Protein Name | ID 1 | ID 2 | Score | % Identity | % Similarity | Gaps | Indels |
---|---|---|---|---|---|---|---|
6-phosphogluconate dehydrogenase, decarboxylating (EC 1.1.1.44) | 6PGD_ECOLI | 6PGD_BACSU | 1718.0 | 70.0% | 83.4% | 3 | 3 |
Acetyl-coenzyme A carboxylase carboxyl transferase subunit alpha (ACCase subunit alpha) (Acetyl-CoA carboxylase carboxyltransferase subunit alpha) (EC 2.1.3.15) | ACCA_ECOLI | ACCA_BACSU | 814.5 | 51.1% | 66.0% | 14 | 4 |
Acetyl-coenzyme A carboxylase carboxyl transferase subunit beta (ACCase subunit beta) (Acetyl-CoA carboxylase carboxyltransferase subunit beta) (EC 2.1.3.15) | ACCD_ECOLI | ACCD_BACSU | 597.0 | 41.3% | 58.4% | 36 | 7 |
Protein Name | ID 1 | ID 2 | Score | % Identity | % Similarity | Gaps | Indels | Coverage 1 | Coverage 2 |
---|---|---|---|---|---|---|---|---|---|
6-phosphogluconate dehydrogenase, decarboxylating (EC 1.1.1.44) | 6PGD_ECOLI | 6PGD_BACSU | 1719.0 | 70.1% | 83.6% | 3 | 3 | 100% | 100% |
Acetyl-coenzyme A carboxylase carboxyl transferase subunit alpha (ACCase subunit alpha) (Acetyl-CoA carboxylase carboxyltransferase subunit alpha) (EC 2.1.3.15) | ACCA_ECOLI | ACCA_BACSU | 823.5 | 53.8% | 69.6% | 3 | 2 | 97.8% | 96.0% |
Acetyl-coenzyme A carboxylase carboxyl transferase subunit beta (ACCase subunit beta) (Acetyl-CoA carboxylase carboxyltransferase subunit beta) (EC 2.1.3.15) | ACCD_ECOLI | ACCD_BACSU | 614.0 | 48.5% | 66.5% | 5 | 3 | 85.5% | 89.6% |
Protein Name 1 | Protein Name 2 | ID 1 | ID 2 | Score | % Identity | % Similarity | Gaps | Indels | Coverage 1 | Coverage 2 |
---|---|---|---|---|---|---|---|---|---|---|
5-formyltetrahydrofolate cyclo-ligase (5-FCL) (EC 6.3.3.2) (5,10-methenyltetrahydrofolate synthetase) (MTHFS) | Protein names High-affinity zinc uptake system binding-protein ZnuA | 5FCL_ECOLI | ZNUA_BACSU | 8.5 | 8.9% | 14.7% | 263 | 11 | - | - |
5-formyltetrahydrofolate cyclo-ligase (5-FCL) (EC 6.3.3.2) (5,10-methenyltetrahydrofolate synthetase) (MTHFS) | Protein names High-affinity zinc uptake system binding-protein ZnuA | 5FCL_ECOLI | ZNUA_BACSU | 27.5 | 29.0% | 45.2% | 5 | 2 | 17.0% | 9.7% |
В глобальном выравнивании у 5FCL_ECOLI и ZNUA_BACSU очень низкий процент идентичности и очень большое число гэпов. В локальном выравнивании больший процент идентичности объясняется очень маленьким покрытием: выравнивание захватывает только 31 аминокислоту.

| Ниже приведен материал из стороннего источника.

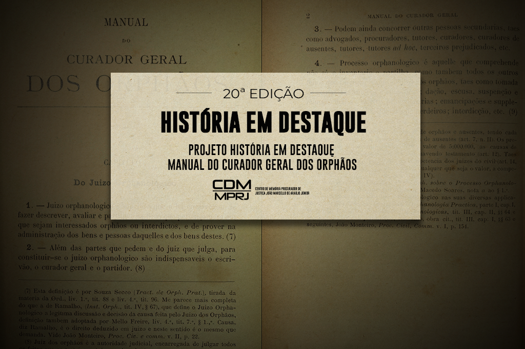 O Ministério Público do Estado do Rio de Janeiro (MPRJ), por meio do Centro de Memória Procurador de Justiça João Marcello de Araújo Júnior (CDM/MPRJ), apresenta, na 20ª edição do projeto História em Destaque, o segundo documento mais antigo do acervo do memorial: o livro Manual do Curador Geral dos Orphãos, publicado em 1906. A obra é a segunda edição revista publicada originalmente em 1890 pelo ex-Promotor Público e ex-Curador-Geral de Órfãos Oscar de Macedo Soares.

Для выполнения этого задания я выбрал мнемонику ACCA, которая соответствует альфа субъединице ацетил-КоА-карбоксилазы (Acetyl-coenzyme A carboxylase carboxyl transferase subunit alpha)(далее - ACCA). Этот фермент осуществляет карбоксилирование ациетил-КоА с образованием малонил-КоА, который в дальнейшем участвует в реакциях синтеза жирных кислот. С помощью поиска в UnoProt были выбраны следующие белки для выравнивания: ACCA_ECOLI, ACCA_BACSU, ACCA_ANTSP, ACCA_ARATH, ACCA_NEOYE, ACCA_PEA, ACCA_PORPU. Эти идентификаторы были введены в текстовый файл и с помощью команды seqret был создан fasta-файл. После этого была запущена программа muscle и файл с выравниванием загружен в Jalview и колонки раскрашены по проценту идентичности. Ссылка на проект выравнивания в Jalview
Первое что бросается в глаза, это то, что ACCA_PEA (Pisum sativum) и ACCA_ARATH (Arabidopsis thaliana) имеют длину почти в два раза больше, чем другие вышеперечисленные ACCA (~800 и ~300 а.к. соответсвенно). Я просмотрел записи этих белков в UniProt и обнаружил, что все остальные белки, кроме ACCA_PEA и ACCA_ARATH, принадлежат бактериям (ACCA_ECOLI, ACCA_BACSU) и водорослям (ACCA_ANTSP, ACCA_NEOYE, ACCA_PORPU). А ACCA_PEA и ACCA_ARATH - высшим растениям. Предполагаю, что различие по длине объясняется этим.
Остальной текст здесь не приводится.